Observability in Production

Vellum provides comprehensive observability tools that automatically track every execution of your Prompts and Workflows in production, giving you the insights needed to debug issues, optimize performance, and enhance your AI applications over time.

Execution Tracking

After deploying Prompts and Workflows to production, Vellum automatically captures detailed information about every execution. This data is accessible through dedicated Executions tables that provide powerful filtering, sorting, and analysis capabilities. For information about how long this data is stored, see our Data Retention Policies.

You can access the “Executions” tab of any Prompt Deployment to see all requests that were made. The executions table provides a detailed view with customizable columns that can be hidden, shown, filtered, and sorted.

Prompt Executions Table

As you apply filters and sorting, the page’s URL is updated. You can bookmark this link or share it with team members to return to the same view later.
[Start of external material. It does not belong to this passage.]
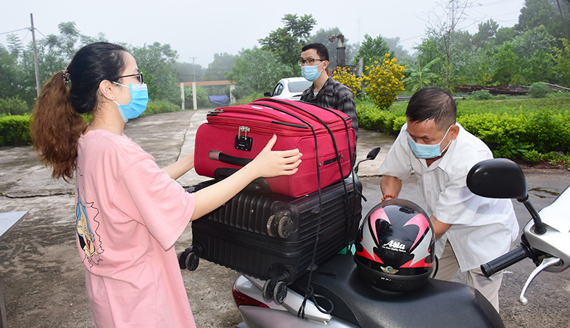 Công dân của tỉnh Tuyên Quang được người nhà đến đón sau khi hoàn thành 14 ngày cách ly tập trung.

Detailed Execution Information

Click into any execution to see comprehensive information about that specific request, including:

  • Input values and variables
  • Complete output
  • Model parameters used
  • Execution time and cost
  • Raw request and response data
Prompt Execution Details

Saving and Reusing Executions

From any execution details page (for both Prompts and Workflows), you can:

Save as Scenario

Preserve the execution inputs to continue experimenting with them in a sandbox environment. This is useful for debugging issues or testing improvements to your prompts or workflows.

Save to Test Suite

Add the execution to a test suite to prevent regressions on similar cases in the future. This helps ensure that your AI system continues to handle this specific case correctly as you make changes.

Capturing End-User Feedback with Actuals

Vellum’s “Actuals” API allows you to capture what the output should have been for a given request and record its quality score. This feedback mechanism is essential for:

  • Monitoring production quality over time
  • Building datasets for prompt optimization
  • Creating training data for fine-tuning custom models
  • Identifying patterns in user satisfaction

For detailed implementation guidance, see our Client API documentation for Prompts and Client API documentation for Workflows.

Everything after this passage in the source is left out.